A, C. Primary mouse cortical neurons expressing G3BP1-Anap and TDP-43-Anap under basal conditions or 250 μM sodium arsenite treatment. Cells were stained with anti-G3BP1 (human-specific) or anti-TDP-43 (human-specific) antibodies with chicken anti-Tuj1 as a neuron marker. Signals: Anap (blue, pseudo-colored red in merged images), antibody (green), Tuj1 (gray). Scale bar, 10 µm. B, D. The colocalization level of each region of interest for G3BP1 and TDP-43. Colocalization threshold analysis was performed in Fiji/ImageJ to calculate the Pearson correlation coefficient (R) for each region of interest. The X and Y axes represent the fluorescence intensity values of the red and green channels, respectively. When signals are colocalized, pixels with high intensity in one channel correspond to high intensity in the other, forming a diagonal distribution. In contrast, non-colocalized signals cluster along the axes. A higher R value indicates a greater degree of colocalization. Scale bar, 1 μm.

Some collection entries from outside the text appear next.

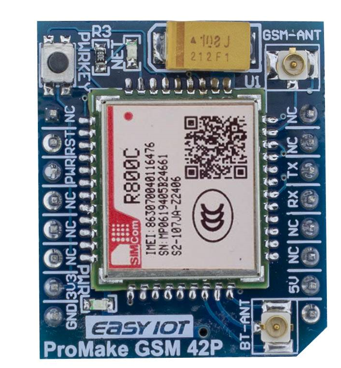 ماژول ProMake GSM R800C یک راه کار کامل ارتباط با شبکه تلفن همراه GSM است که از ماژول R800C قدرت گرفته است. این ماژول مجموعه کاملی از قابلیت های مورد نیاز برای ارتباط با شبکه‌های سلولی را در اندازه ای کوچک ارائه می نماید و به جز آپشن بلوتوث،ساير ويژگيهای ماژول SIM800C را شامل می شود :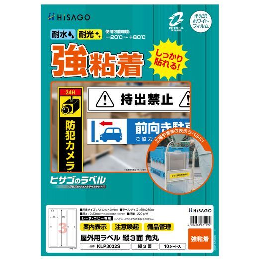 ○水・光・温度変化に強く破れにくい、屋外での使用に適したラベルです。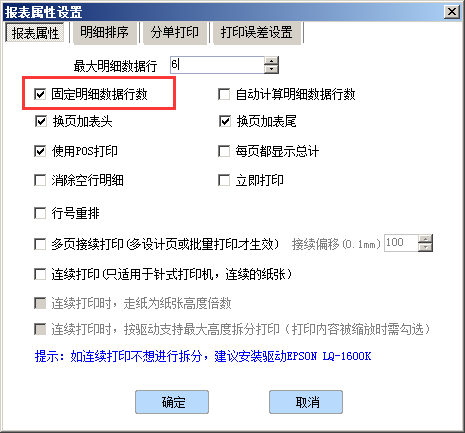 圖片中所示的最大明細行具體錄入多少,需要根據客戶實際的紙張大小來決定。通過判斷一張大概能打印多少數據去調整到最佳的行數即可。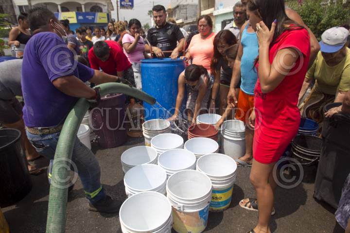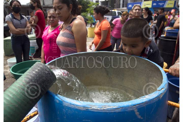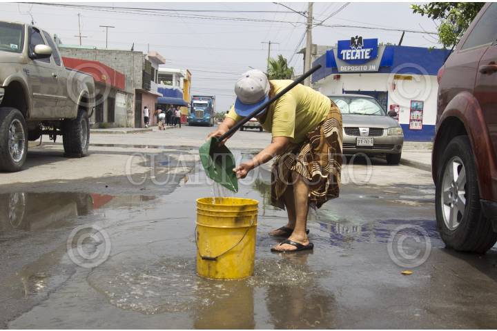 Una señora recolecta agua del piso que va dejando la pipa de agua que abastece a familias afectadas por cortes de agua.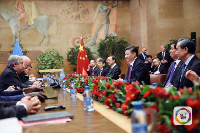 1月18日,國(guó)家主席習(xí)近平在瑞士日內(nèi)瓦萬(wàn)國(guó)宮會(huì)見(jiàn)第71屆聯(lián)合國(guó)大會(huì)主席湯姆森和聯(lián)合國(guó)秘書(shū)長(zhǎng)古特雷斯。(新華社記者蘭紅光攝)
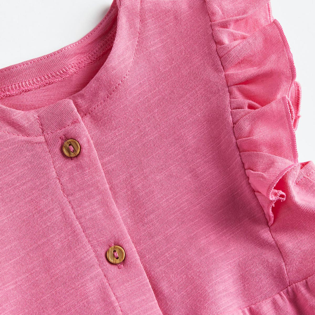 Sleeveless romper suit in soft cotton jersey with a flounced trim over the shoulders, a gathered seam at the top and buttons down the front. Art. No.:1129307001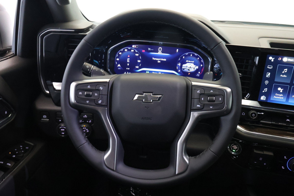 StabiliTrak système de contrôle de la stabilité avec antiroulis proactif et traction asservie avec contrôle électronique anti-louvoiement de remorque et aide au démarrage en pente,Serrures de porte à commande électrique,Système sonore Système d'infodivertissement Chevrolet 3 haut de gamme avec compatibilité avec Google intégrée(certains plans de service requis des modalités et des restrictions s'appliquent) y compris la capacité de navigation écran tactile couleur HD de 13 4 po en diagonale comprend écran multipoint AM/FM stéréo lecture audio en continu Bluetooth pour la musique et la plupart des téléphones; avec CarPlay d'Apple sans fil et Android Auto sans fil pour téléphones compatibles reconnaissance vocale évoluée applications intégrées au véhicule profils personnalisés pour les paramètres de l'infodivertissement et du véhicule,Sacs gonflables sacs gonflables frontaux à déploiement adapté pour le conducteur et le passager de la place d'extrémité avant sacs gonflables latéraux montés dans les sièges du conducteur et du passager de la place d'extrémité avant et rideaux gonflables latéraux pour les passagers des places d'extrémité avant et arrière; comprend le capteur de présence du passager pour le sac gonflable frontal de la place d'extrémité avant,Projection par téléphone sans fil pour CarPlay d'Apple et Android Auto,Fonction arrêt et démarrage automatiques,Démarrage à bouton-poussoir,Système de surveillance de la pression des pneus auto-apprentissage comprend alerte de gonflage des pneus (ne s’applique pas au pneu de secours),Éclairage espace utilitaire monté dans la cabine et intégré avec le feu de freinage central surélevé arrière avec interrupteur dans le bloc de commandes sur le côté gauche du volant (à incandescence sur les modèles à cabine classique à DEL sur les modèles à cabine multiplace et à cabine double),Phares à DEL réflecteur à DEL avec feux de jour distinctifs à DEL et animation de repérage ambre,Marchepied pare-chocs arrière,Ports USB 2 ports de recharge/données situés sur le tableau de bord,Direction assistée électrique à crémaillère,Pneu de secours 265/70R17SL toutes saisons à flanc noir,Cadre partie avant hydroformée entièrement caissonnée,Témoin d'avertissement de ceinture de sécurité arrière siège arrière,Verrou de porte-pneu verrou de porte à serrure utilisant la même clé que pour l'allumage et les serrures de portes,Poignées de maintien montés sur les montants avant pour le conducteur et le passager montés sur les montants arrière,Poignées de portes de la couleur de la carrosserie,Batterie grande capacité 730 A de démarrage à froid 80 A/h sans entretien avec protection antidécharge et prolongation d’alimentation des accessoires,Feux arrière à DELavec des feux de recul à incandescence et animation distinctifs,Boussole situé dans le groupe d'instruments,Durabed caisse de pick-up,Emblème Chevrolet noir (calandre avant),Rappel de vérification des sièges arrière,Ravitaillement sans bouchon,Affichage de la température extérieure dans l'affichage de la radio,Bouches d'aération arrière de chauffage et de climatisation,Fonction ado,Groupe suspension de série,Crochets d'arrimage (12) fixe d'une capacité de 226 8 kg (500 lb) par coin,Hayon et cache de protection de longeron de caisse supérieurs,Roue 17 po x 8 po (43 2 cm x 20 3 cm) de secours pleine grandeur en acier,Pont arrière rapport de pont de 3 23,Feux de circulation de jour avec commande automatique de l’éclairage extérieur,Bouclez votre ceinture de sécurité,Freins à disque aux quatre roues avec système antiblocageavec disques DURALIFE,Indicateur d'usure des garnitures de frein,Réglage des sièges manuel en 4 sens côté passager,Système d’échappement sortie simple,Assistance en pente,Anti-dérapage,Portières à verrouillage électrique,Système de navigation,Android Auto,AppleCar Play,Reconnaissance de la voix,Main libre Bluetooth,Écran LCD,Capteurs frontal,Coussins impact latéraux,Coussins conducteur et passager avant,Bouton arrêt et démarrage,Vérification de pression Pneus,Commandes montées sur le volant,Phares avant à DEL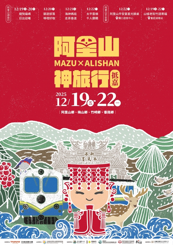 主辦單位誠摯邀請全台民眾,在12月19號到22號期間,一起來到嘉義,跟隨媽祖的腳步,體驗這場結合自然美景與文化底蘊的「神之旅」。活動詳情請上「阿里山 新印象」臉書粉絲專頁查詢。

Schematic of the Anap labeling system for G3BP1 and TDP-43 using genetic code expansion.
Briefly, two plasmids were required to express the protein with site-specific Anap incorporation, one for Anap incorporation and one for the mutated protein of interest (TAG introduction). As the plasmids were transfected into cells, the orthogonal Anap-tRNA synthetase would charge the Anap, a fluorescent amino acid, to its cognate tRNA, and the tRNA would incorporate the Anap site-specifically into the protein of interest in response to the TAG stop codon. Cells expressing Anap-labeled TDP-43 and G3BP1 were subsequently imaged by confocal microscopy, either after fixation or in live-cell conditions. Upon stress conditions, TDP-43-Anap redistributes to the cytoplasmic inclusions, and G3BP1-Anap assembles into stress granule.